**WHAT YOU HAVE TO DO**
Leaving the pictures aside, return the listing exactly as it appears.

**DATA BLOCK**

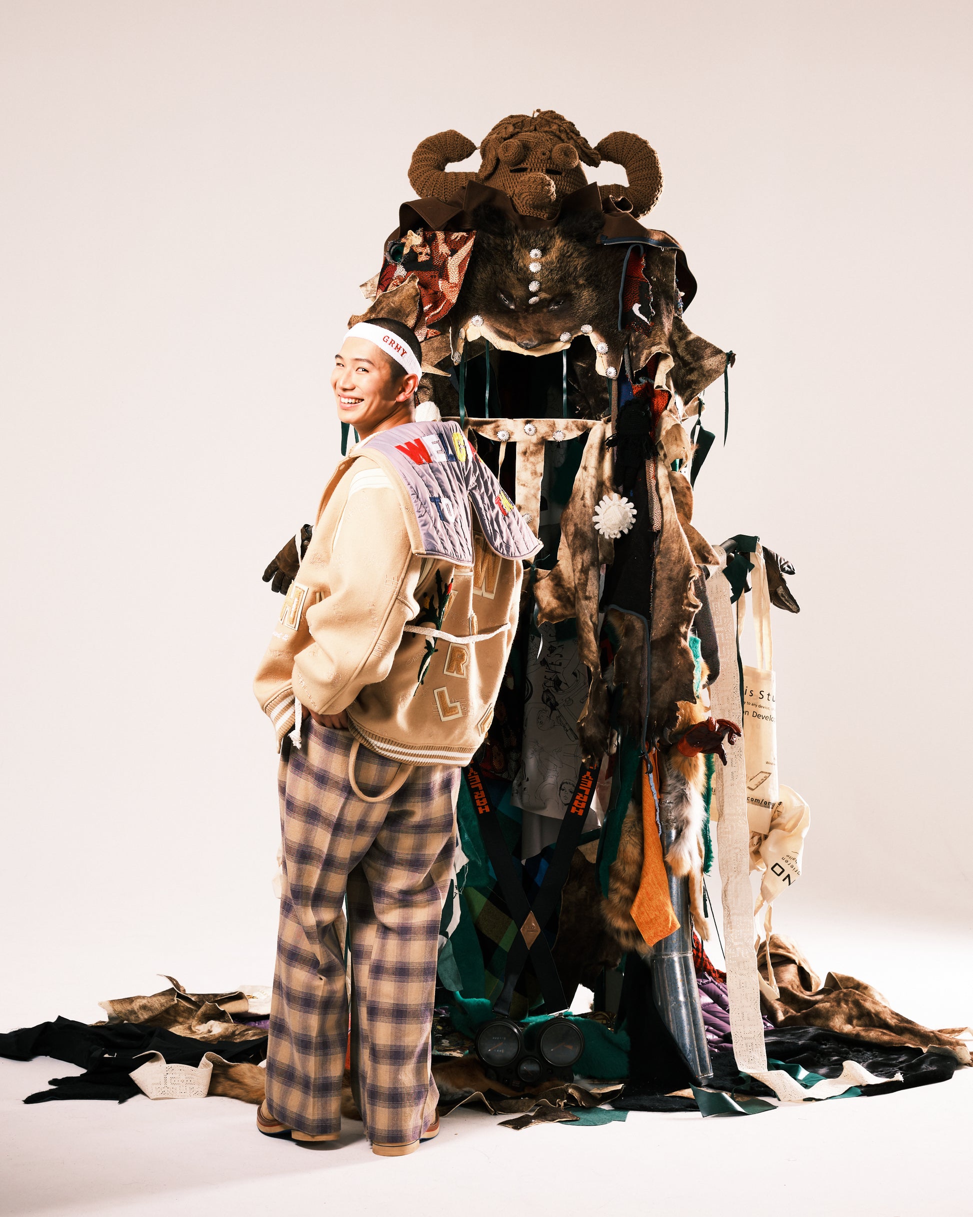 This is an award jacket made using a knit wool compressed melton fabric, which is created by using fur (from bears and deer) produced during the process of making game leather for Seveskig.
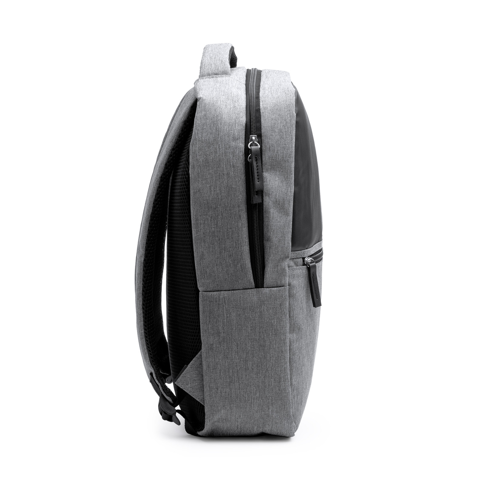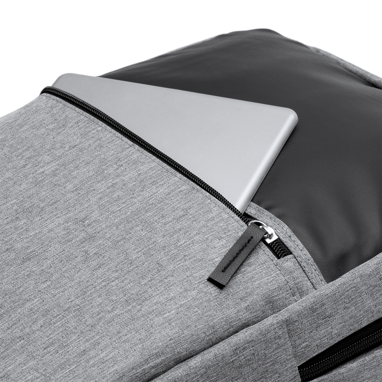 Zaino in poliestere RPET 600D con dettagli in pelle PU e mélange. Ampio scomparto principale e tasca imbottita per computer portatile da 15”. Tasca esterna imbottita. Spallacci e schienale imbottiti. Cinghia per trolley. Dimensioni: cm 30x43x12
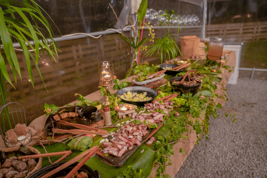晚餐是超有儀式感的原住民燭光晚餐,現場還有駐唱歌手。炸豆腐超好吃,很適合當下酒菜,我們每個女生竟然各自帶一瓶酒,晚餐時間全部KO😂 ;

**ANSWER**
 This is an award jacket made using a knit wool compressed melton fabric, which is created by using fur (from bears and deer) produced during the process of making game leather for Seveskig.
 Zaino in poliestere RPET 600D con dettagli in pelle PU e mélange. Ampio scomparto principale e tasca imbottita per computer portatile da 15”. Tasca esterna imbottita. Spallacci e schienale imbottiti. Cinghia per trolley. Dimensioni: cm 30x43x12
晚餐是超有儀式感的原住民燭光晚餐,現場還有駐唱歌手。炸豆腐超好吃,很適合當下酒菜,我們每個女生竟然各自帶一瓶酒,晚餐時間全部KO😂 ;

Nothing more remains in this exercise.